From: Bill Todd on
Eric P. wrote:

....

> I have never built a file system, but it seems to me that the problem
> with file compression is that a write in the middle of the file
> will be recompressed and can cause changes to the files' physical
> block mappings and meta data structures. This in turn updates file
> system block allocation tables and meta transaction logs.

But since most large files aren't updated in the middle (they're
typically only appended to if modified at all after creation), that's
not necessarily a significant problem regardless of the implementation
(in fact, one could simply incrementally uncompress any such awkward
files as they were updated).

>
> With normal non-compressed files this only happens when the file is
> extended. With compressed files every write operation can do this
> and could bog down the whole system by hammering these critical
> common data structures.

That's part of what caching and journaling are for: if any such
structures are truly being hammered they'll just remain in cache while
multiple compact (logical) updates accumulate in the log which will
eventually be written back to disk in a single bulk structure update.
True, that still requires a synchronous log write if the update itself
is synchronous (though if the relevant data had to be written to the log
anyway, any metadata changes just piggyback on the same log write), but
if the system even starts to get bogged down by this then additional
operations accumulate while waiting for the previous log write to
complete and get batched together in the next log write.
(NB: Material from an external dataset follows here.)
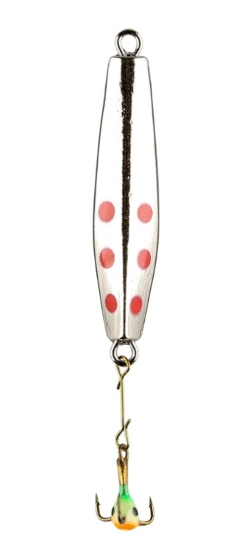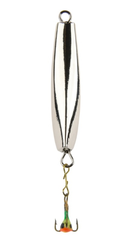 IFISH Svenne 55mm är en avlång vertikalpirk, något smalare än vad bilden visar, för att pimpla abborre, monterad med lystrekrok för ett effektivt pimpelfiske efter abborre.

I.e., the
eventual limit is the sequential bandwidth of the log disks, which at,
say, 40 MB/sec works out to tens of thousands of updates per second
before any serious 'bogging down' occurs (and if that's not enough, you
can stripe the log across multiple disks to increase the bandwidth even
more).

>
> It also serializes all file operations while the meta data is being
> diddled.

Not at all.

However until you read the current data, decompress, update
> new data and recompress, you cannot tell whether the compressed
> buffer will expand or contract, and what mapping changes are needed.
> If the file meta structure is affected it forces all operations
> to serialize unless you want to go for a concurrent b+tree update
> mechanism which is probably an order of magnitude more complicated.
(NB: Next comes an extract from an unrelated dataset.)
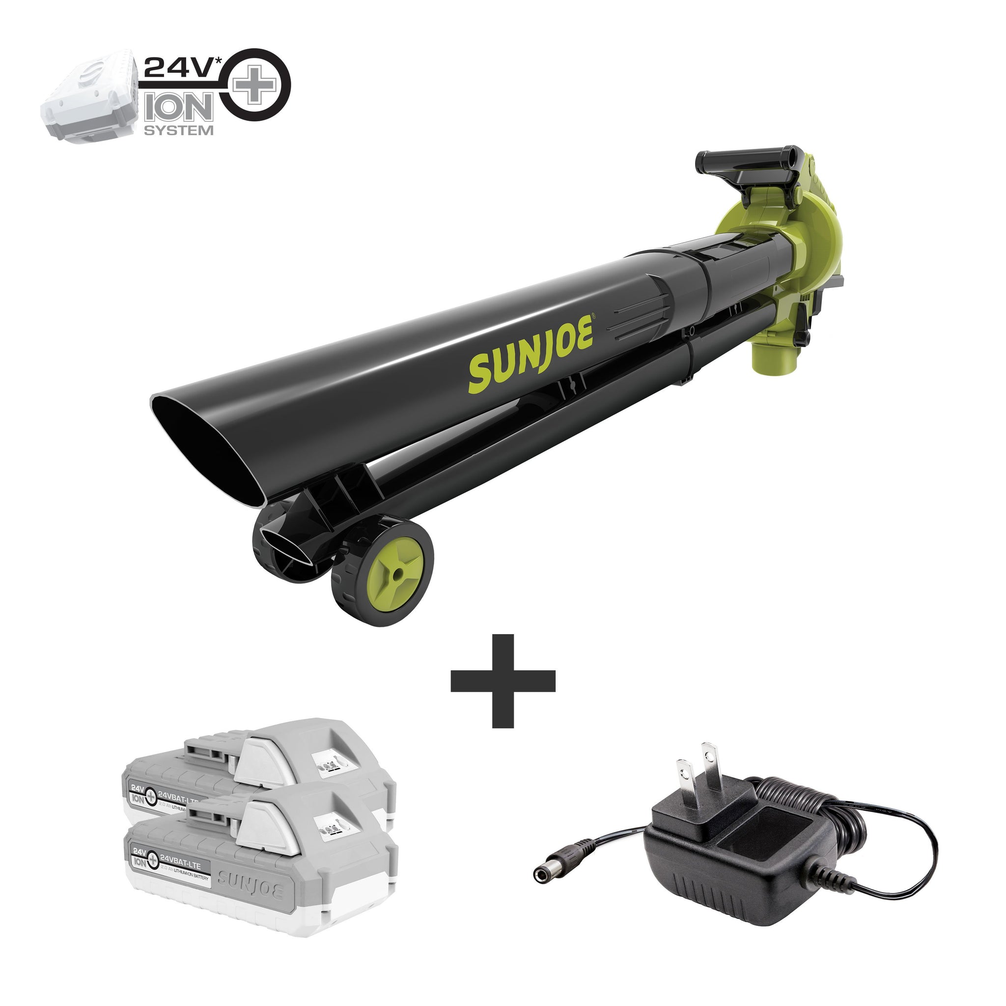 BREEZE THROUGH YOUR CHORES! Meet the next generation in lawn and leaf-clearing tech in the legendary line-up of 24V iON+ yard + garden tools — the revolutionary 48-Volt Cordless Blower/Vac/Mulcher: 24V-X2-BVM143-LTE from Sun Joe! Lightweight, sleek and powerful, the eco-friendly, cordless blower uses two (included) 24-Volt iON+ lithium-ion batteries for up to 48-Volts of leaf-clearing power! Cut The Cord® and go beyond the porch and patio with the revolution of Power To Go! Sun Joe’s long-life Lithium-ion batteries provide up to 65 minutes of cord-free, gas-free, rechargeable runtime on a single charge. Pack the power of a hurricane in the palm of your hand with up to 155 MPH max wind speed, for quick clean-ups anywhere power is at a premium. Choose from 5 variable speed settings to suit the sweeping task and rid your yard of leaves, grass trimmings, dirt + debris. Switching from blower to vacuum/mulcher is as easy as a twist of the knob to go from blower mode to vacuum mode. Turn your leaves and yard waste into nutrient-rich mulch with up to 388 CFM of vacuum air flow and an 8:1 reduction ratio! And when the work is done, simply plug-in and power-up the 24V iON+ batteries so it’s recharged and ready for your next project.

Hey, if you're going to support really large files you'll almost
*always* need *something* like a b+ tree to map them, and you'll need to
allow concurrent operations on it. So there's nothing to be saved here:
just bite the bullet and go for it.

- bill
From: Andrew Reilly on
On Mon, 25 Sep 2006 18:14:39 +0200, Terje Mathisen wrote:

> Andrew Reilly wrote:
>> On Mon, 25 Sep 2006 12:52:48 +0200, Terje Mathisen wrote:
>>
>>> For every N MB of contiguous disk space, use an extra MB to store ECC
>>> info for the current block. The block size needs to be large enough that
>>> a local soft spot which straddles two sectors cannot overwhelm the ECC
>>> coding.
>>
>> Isn't that just the same as having the drive manufacturer use longer
>> reed-solomon (forward error correcting) codes? Errors at that level are
>
> No, because you need _huge_ lengths to avoid the problem where an areas
> of the disk is going bad. This really interferes with random access
> benchmark numbers. :-(

Are you sure? Seems to work OK for CDs. Of course the sizes are vastly
different, and I admit to not having done the analysis to say how well it
scales.

ECC seems to be in the same redundancy-space as RS codes to me.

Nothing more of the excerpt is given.